The policy memo issued on May 22, 2026, directs immigration officers to evaluate adjustment of status requests on a case-by-case basis and grant relief only in extraordinary situations. USCIS spokesman Zach Kahler explained the shift as necessary to uphold the law and improve fairness and efficiency in the immigration system.
This policy affects nonimmigrant visa holders such as students, temporary workers, and tourists who previously might have sought to adjust status while in the U.S. Instead, they must now return to their home countries to apply for immigrant visas through the Department of State's consular offices.
By enforcing this approach, USCIS intends to reduce the number of individuals who remain in the U.S. unlawfully after being denied residency and to allocate USCIS resources to priorities like naturalization and visas for crime victims.
Who is affected by the new USCIS adjustment of status policy?
The new USCIS policy primarily affects nonimmigrant visa holders currently in the U.S. on temporary status who seek to adjust to lawful permanent resident status without leaving the country. This includes students, temporary workers, visitors on tourist visas, and others who have been residing temporarily in the U.S.

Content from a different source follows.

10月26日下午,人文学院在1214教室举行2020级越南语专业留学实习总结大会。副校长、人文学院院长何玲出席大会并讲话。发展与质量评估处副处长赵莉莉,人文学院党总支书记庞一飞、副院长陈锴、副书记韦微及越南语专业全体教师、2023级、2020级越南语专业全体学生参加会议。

For residents of Raleigh, NC and Orlando, FL (where our Florida office is located), this means that individuals who had planned to file adjustment of status applications while inside the U.S. will now generally have to return to their home countries to complete consular processing. This affects thousands of applicants annually who pursue green cards through family or employment-based categories.

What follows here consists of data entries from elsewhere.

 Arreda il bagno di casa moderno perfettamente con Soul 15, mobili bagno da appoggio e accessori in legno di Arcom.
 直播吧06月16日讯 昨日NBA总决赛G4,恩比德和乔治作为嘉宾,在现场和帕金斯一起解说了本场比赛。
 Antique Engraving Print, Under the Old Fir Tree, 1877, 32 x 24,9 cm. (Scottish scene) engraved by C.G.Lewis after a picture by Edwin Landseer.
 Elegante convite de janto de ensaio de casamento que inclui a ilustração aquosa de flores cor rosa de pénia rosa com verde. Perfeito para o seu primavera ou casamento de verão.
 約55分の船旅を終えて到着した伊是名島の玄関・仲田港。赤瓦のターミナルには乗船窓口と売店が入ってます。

USCIS officers will consider extraordinary circumstances on a case-by-case basis, but the standard will be very high. Ordinary adjustment of status applications from within the U.S. will be denied unless the applicant can demonstrate exceptional reasons justifying relief.
This policy shift may increase processing times and travel costs for applicants who must leave the U.S. and attend consular interviews abroad. It may also impact employers and families in Raleigh, NC who sponsor foreign nationals, as applicants must plan for consular processing logistics.

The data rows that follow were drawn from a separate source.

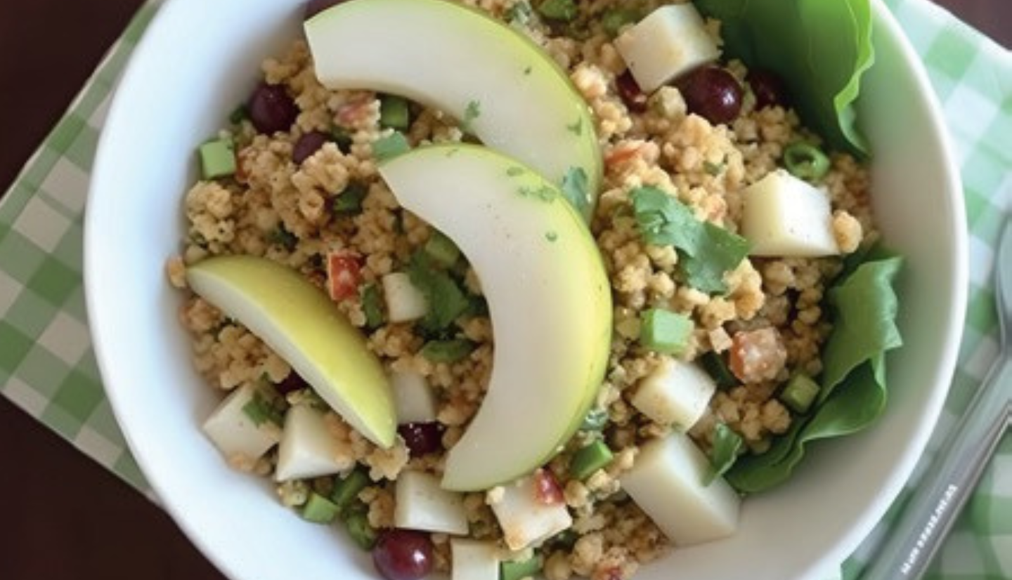 3. Stir the snow peas, pear, bell pepper, pecans, green onion, and sesame seeds into the quinoa.
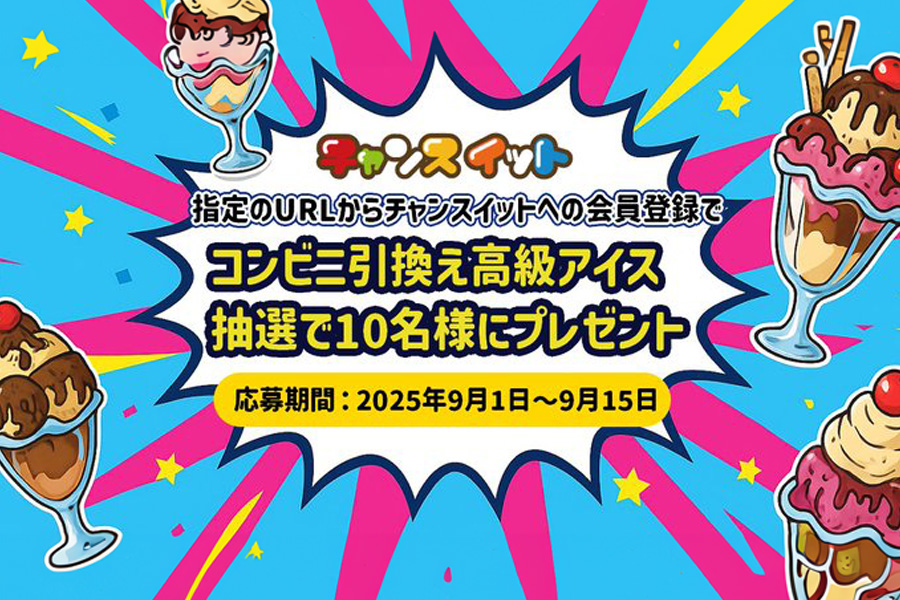 チャンスイットにてキャンペーン開催中!!新規会員登録いただいた方の中から抽選で10名様にアイスが当たる🍦
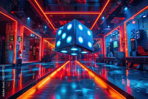 The watermark will not be included on Wall mural.: A cube is floating in the air in a futuristic setting
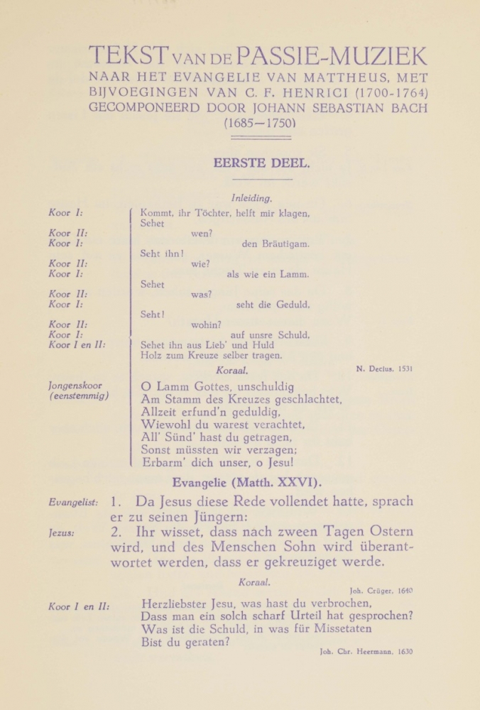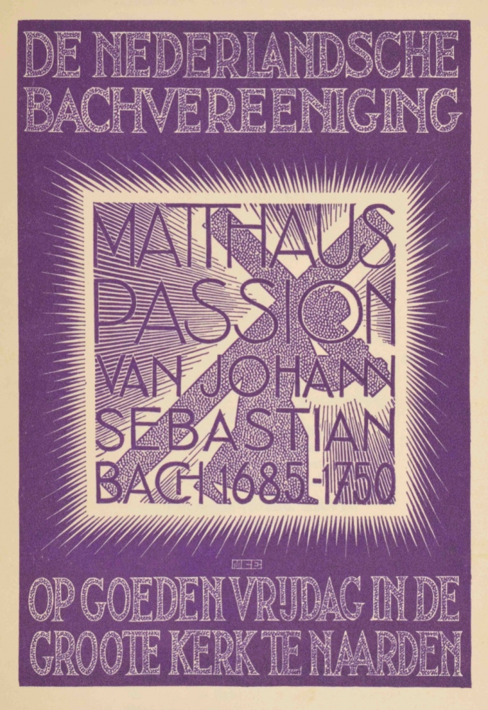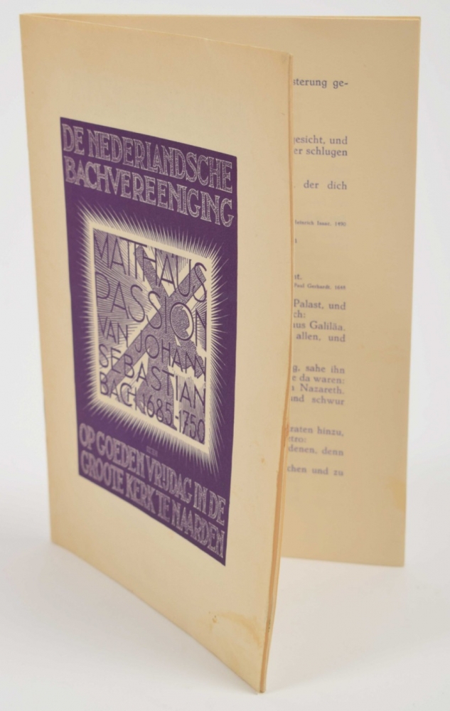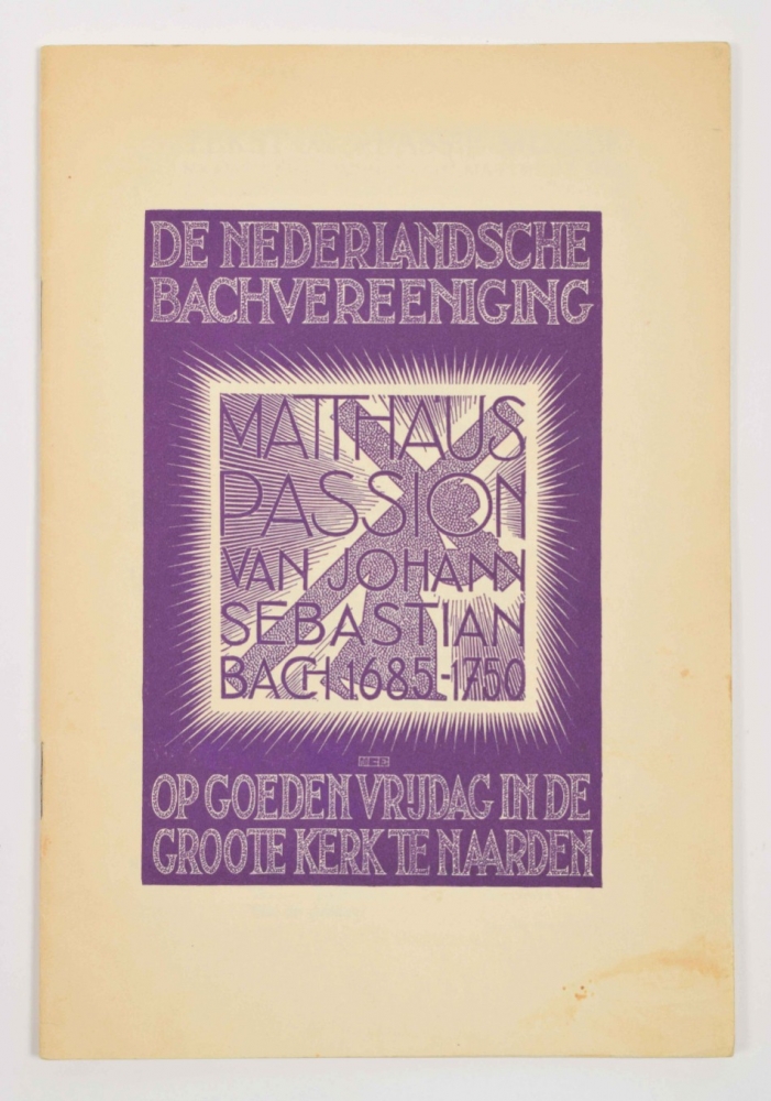 Matthäuspassion van Johan Sebastian Bach 1685-1750. Op goeden vrijdag in de Groote Kerk te Naarden. Amsterdam, printed by M.J. Portielje for D.N.B., no date (1938 or later), (23) p., original stapled wrapper in purple printed with woodcut by Escher with printed monogram. (=Bool/ Locher 302)
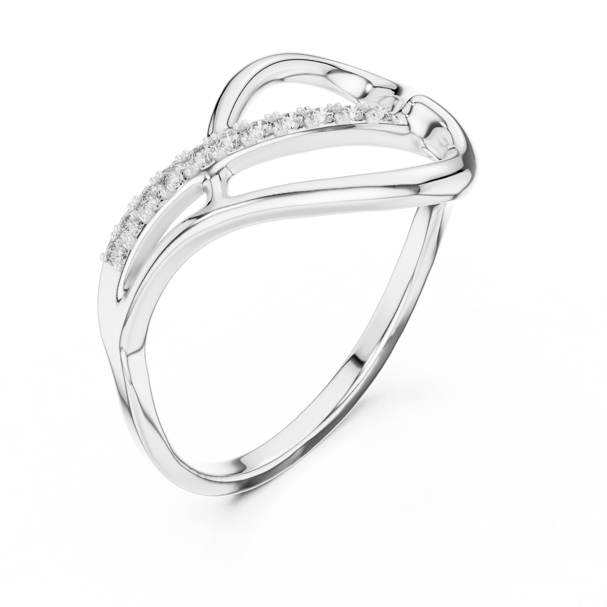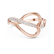 This refined diamond ring showcases a graceful infinity-inspired twist design accented with round brilliant cut diamonds. Pavé-set stones flow seamlessly along the curved band, creating balanced symmetry, visual depth, and a soft, continuous sparkle.

USCIS data indicates that a significant number of adjustment of status applications come from applicants residing in North Carolina, given its growing immigrant population. The policy will therefore have a tangible impact on the immigrant community and legal service providers in the Raleigh area.
What does the law actually say about adjustment of status?
Adjustment of status is governed by 8 U.S.C. § 1255 (INA § 245(a)), which allows certain aliens physically present in the United States to apply for lawful permanent resident status without returning abroad. However, the statute does not guarantee automatic eligibility and USCIS has discretion to grant or deny applications.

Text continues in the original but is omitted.